Image dilation used structuring element (can be of various shapes and sizes) to be probed at all possible positions throughout the 2D scan images. The image pixel at the centre of the structuring element was compared to the neighbouring pixel values within the structuring element, and the highest pixel value was then assigned as the corresponding pixel value in the output image. The output image of an image dilation contained an enlarged region of local maxima. In this work, diamond-shaped structuring element of a radius of 1 pixel was employed.

2.3.2 Non-maximum Suppression

Each pixel in the input image was then compared to the corresponding pixel in the dilated image, by taking the absolute value of the difference between the input image and the dilated image pixel values. The value of ‘1’ is assigned in a new binary image if these conditions were met: (1) The absolute value obtained was lower than a threshold of ‘0’, and (2) the input image pixel was checked if having the value of lower than 0.01, to remove false interpretation of local maxima. When the mentioned conditions were not met, the new binary image pixel was assigned as ‘0’. The outputs of this routine were binary images of detected local maxima and non-local maxima within the image.

2.3.3 Hough Transform

Hough transform attempts to construct lines through the data lines and data points present in the binary image, in all possible directions. The constructed lines passing through each other were therefore grouped together. The data lines and data points where the constructed lines originated from were assigned as one single line. For each data points (or lines) in the spatial domain, a number of lines were plotted going through it, all at different angles. The distance between the line to the origin was also computed. Both angle and distance information were then transferred into the polar domain. This was repeated for all data points. Data points sharing the same value of angle and distance were grouped together and treated as a line. Grouping of the angle and distance values are also termed as ‘bin’. To make the algorithm robust to the noises present in the image, the bin tolerance can be adjusted. Hough transform provided the information regarding the length and angle of the lines, which can be transferred back to the 2D scan images for better isolation of cracks.

2.3.4 Extracting Pixel Values Orthogonal to Crack Axis

Extracting pixel values starting from the detected crack line to the boundary of the 2D scan image requires a massive amount of memory in real life inspection. It can also provide false interpretation of the data. Absolute threshold was not an option as it imposed a larger region of inspection. Instead, a threshold of 60% from the local maxima on each row was made as the linear scan limit.
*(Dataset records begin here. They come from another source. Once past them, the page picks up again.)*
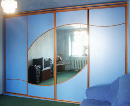 Габариты, мм: 2500х3600х600 Профиль Найди «под дерево», гнутый. Наполнение дверей: зеркало серебро, ЛДСП Примерная стоимость 55 000 руб.
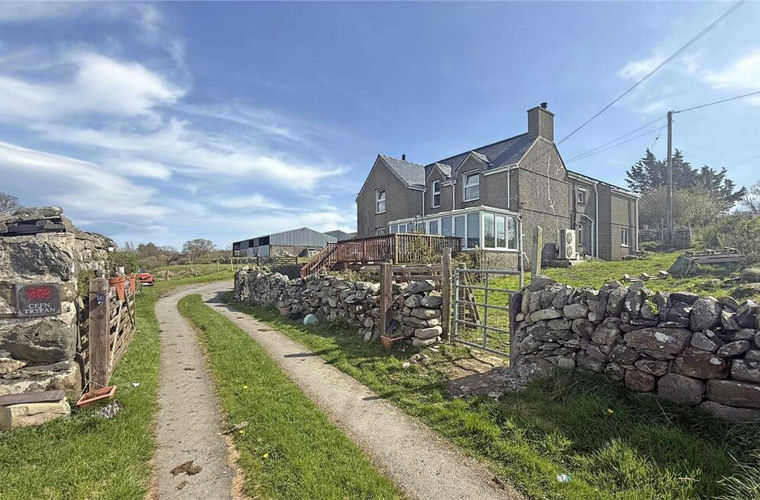 Set in a stunning elevated position, commanding far reaching sea views, Cefn Tryfan is a delightful, Detached, Farmhouse that has been extended and improved over the years to provide a comfortable family home surrounded by approximately 14 acres of farm land with several agricultural outbuildings. The well proportioned accommodation briefly consists of side Entrance that is currently used as a boot room that leads into the Kitchen area. Off a central Hallway is a comfortable Lounge with a laminated wood floor and a cast iron multi fuel log burner that has a brick surround and a decorative wooden lintel above. On the opposite side of the Hall is a second, much larger Sitting Room that is currently being used as a 6th Bedroom. To the rear is a light and spacious Kitchen/diner that is fitted with a ceramic tiled floor and a stylish range of sage coloured base and wall units, topped with solid oak work surface. The Kitchen is also equipped with an eye level electric oven and a microwave as well as an induction hob and an integrated fridge, dishwasher and a porcelain butler sink. With ample space for a large family dining table, this really is the heart of the home. To the side is a good size Utility room with a washing machine point and a Wc cubicle. Completing the Ground Floor is an extensive Conservatory that offers far reaching sea views across to Anglesey, the sunsets are simply spectacular. Upstairs off a light and spacious Landing are 5 Bedrooms, made up of 4 Double Bedrooms and a Single Bedroom. All are served by a generous size Bathroom that is fitted with a white Bath suite with an over bath shower unit. In addition you will also find an En Suite shower and a good size Office area. The property has a modern Air Source Heat pump and Solar Panels, as well as having the interior walls insulated. Outside to the side is a detached Double Garage, whilst further along are 2 extensive steel agricultural outbuildings benefitting from thier own separate mains electricity/power supply, perfect for livestock and storage of farm implements and vehicles. The property boasts approximately 14 acres of farmland that is split into several large pastures, perfect for livestock. We highly recommend you book a viewing soon to fully appreciate this wonderful opportunity in a most desirable location.
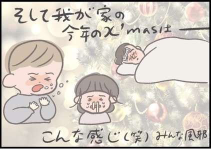 夜空を見上げてサンタさんにお願いごとをするほにゅくん(4歳)と何かを嬉しそうにママに伝えるねむちゃん(2歳)。ふたりがクリスマスを楽しみにしている様子が伝わってきますね。しかし、クリスマス目前に家族が次から次へと風邪をひき…!咳や鼻水、熱に苦しんだクリスマスになってしまいました。

While extracting pixel values from both positive and negative positions with respect to each row’s local maxima, the pixel value was monitored if it has reached the 60% threshold. Empirically, a relative threshold of 60% of the local maxima only required a length of less than 7 mm on both positive and negative sides of the local maxima. Although it is arguable that 60% was chosen rather at random, it served the intention of extracting a linear scan of acceptable length as well as containing reliable features for crack parameter quantification.

The crack axis lines detected were first extrapolated to the edge of the images as the crack was recognized to extend across the 2D scan images. Figures 3(a) and (b) depict the illustration of extracting linear scan from 45°, 4 mm crack 2D scan image on one of the points along the crack axis line. From that, the pixel values orthogonal to each point along the detected line were extracted. Using simple geometry, crack direction, Φ, obtained from Hough transform was used to compute the coordinate of x1, x2, y1, and y2 as shown in Eq. (1):

Figure 3
figure 3

(a) Linear scan orthogonal to the extrapolated crack axis, and (b) illustration of the extraction of linear scan in a vector space

Full size image
$$\begin{aligned} x1 &= \varPhi + length \times \cos (\varPhi ), \hfill \\ x2 &= - \varPhi + length \times \cos ( - \varPhi ), \hfill \\ y1 &= \varPhi + length \times \cos (\varPhi ), \hfill \\ y2 &= - \varPhi + length \times \cos ( - \varPhi ). \hfill \\ \end{aligned}$$
(1)

The value of length was arbitrarily chosen, as long as it permitted the 60% threshold of the linear scan, as the remaining pixel values after thresholding will be discarded.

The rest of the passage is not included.